Records for this exercise: Begin

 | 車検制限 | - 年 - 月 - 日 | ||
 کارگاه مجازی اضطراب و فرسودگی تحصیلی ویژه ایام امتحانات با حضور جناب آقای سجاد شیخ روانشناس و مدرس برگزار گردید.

Records for this exercise: End
Records for this exercise: Begin

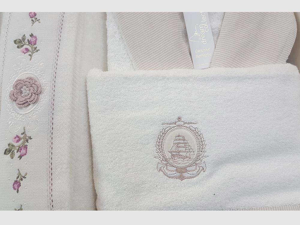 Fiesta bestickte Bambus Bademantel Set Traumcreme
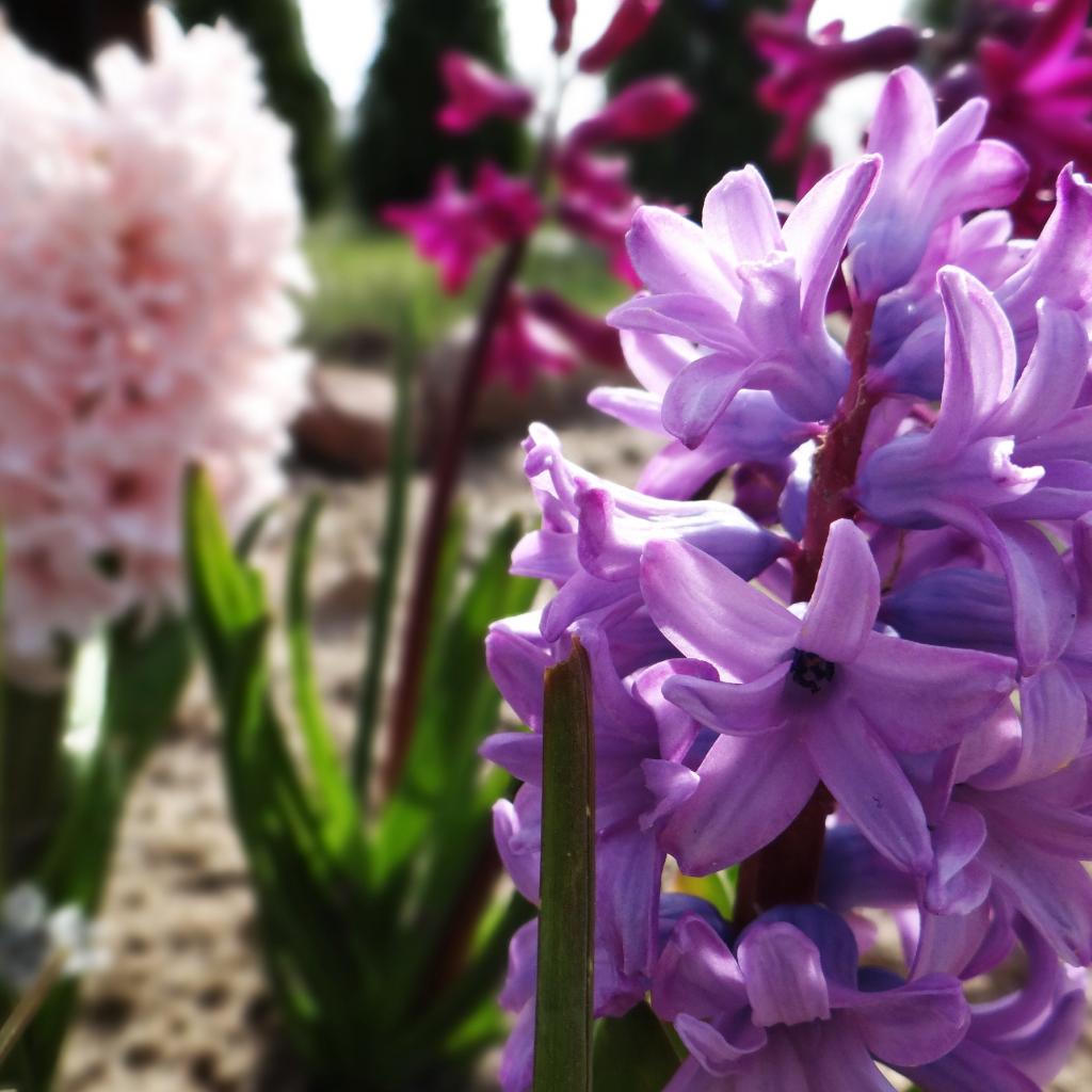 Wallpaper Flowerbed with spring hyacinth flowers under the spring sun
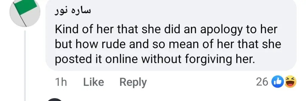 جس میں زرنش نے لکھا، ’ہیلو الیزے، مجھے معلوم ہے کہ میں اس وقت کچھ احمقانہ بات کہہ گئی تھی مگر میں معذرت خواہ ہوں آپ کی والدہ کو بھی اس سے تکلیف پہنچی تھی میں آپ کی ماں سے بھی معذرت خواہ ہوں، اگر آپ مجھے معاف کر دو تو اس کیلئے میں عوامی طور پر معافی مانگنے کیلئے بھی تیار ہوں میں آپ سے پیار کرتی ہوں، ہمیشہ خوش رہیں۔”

Records for this exercise: End
Records for this exercise: Begin

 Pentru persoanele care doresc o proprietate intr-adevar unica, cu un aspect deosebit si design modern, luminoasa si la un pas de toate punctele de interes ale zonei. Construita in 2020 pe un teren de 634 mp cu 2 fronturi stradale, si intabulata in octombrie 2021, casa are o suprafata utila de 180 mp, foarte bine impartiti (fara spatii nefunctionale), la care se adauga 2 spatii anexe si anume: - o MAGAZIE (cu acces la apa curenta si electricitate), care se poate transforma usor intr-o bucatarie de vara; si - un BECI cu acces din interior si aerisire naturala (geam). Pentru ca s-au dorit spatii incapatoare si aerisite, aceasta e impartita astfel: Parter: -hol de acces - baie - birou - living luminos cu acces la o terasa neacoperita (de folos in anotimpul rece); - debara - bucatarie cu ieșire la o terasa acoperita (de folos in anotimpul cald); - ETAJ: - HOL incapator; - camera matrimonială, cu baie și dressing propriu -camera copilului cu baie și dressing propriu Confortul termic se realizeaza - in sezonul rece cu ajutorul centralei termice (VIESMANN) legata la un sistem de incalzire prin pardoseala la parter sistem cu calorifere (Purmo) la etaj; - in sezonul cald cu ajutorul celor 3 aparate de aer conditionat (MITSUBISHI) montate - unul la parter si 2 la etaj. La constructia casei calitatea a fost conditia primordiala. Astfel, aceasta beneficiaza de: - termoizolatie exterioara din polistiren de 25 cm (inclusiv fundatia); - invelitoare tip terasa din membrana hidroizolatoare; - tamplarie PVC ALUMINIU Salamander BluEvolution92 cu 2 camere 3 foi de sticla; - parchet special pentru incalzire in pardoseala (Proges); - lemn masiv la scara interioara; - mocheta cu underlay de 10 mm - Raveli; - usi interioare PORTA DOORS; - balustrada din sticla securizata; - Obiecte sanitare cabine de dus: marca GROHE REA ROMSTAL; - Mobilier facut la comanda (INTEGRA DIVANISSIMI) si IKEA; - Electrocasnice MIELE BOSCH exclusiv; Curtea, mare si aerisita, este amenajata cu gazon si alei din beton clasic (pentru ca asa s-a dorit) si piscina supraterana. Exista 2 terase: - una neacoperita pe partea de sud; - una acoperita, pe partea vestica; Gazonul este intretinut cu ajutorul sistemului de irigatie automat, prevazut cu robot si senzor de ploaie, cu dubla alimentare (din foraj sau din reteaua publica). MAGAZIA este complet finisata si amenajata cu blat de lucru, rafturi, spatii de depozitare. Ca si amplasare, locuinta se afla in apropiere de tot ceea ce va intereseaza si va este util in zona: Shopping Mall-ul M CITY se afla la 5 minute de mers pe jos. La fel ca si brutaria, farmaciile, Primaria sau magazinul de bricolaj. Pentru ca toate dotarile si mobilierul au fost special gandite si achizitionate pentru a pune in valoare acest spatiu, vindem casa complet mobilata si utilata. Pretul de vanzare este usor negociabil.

Records for this exercise: End

Your objective:
Look above for the line with "車検制限 | - 年 - 月" and the line with "کارگاه مجازی اضطراب و". Retype those two lines and every line between them exactly, adding nothing.

Task answer:
 | 車検制限 | - 年 - 月 - 日 | ||
 کارگاه مجازی اضطراب و فرسودگی تحصیلی ویژه ایام امتحانات با حضور جناب آقای سجاد شیخ روانشناس و مدرس برگزار گردید.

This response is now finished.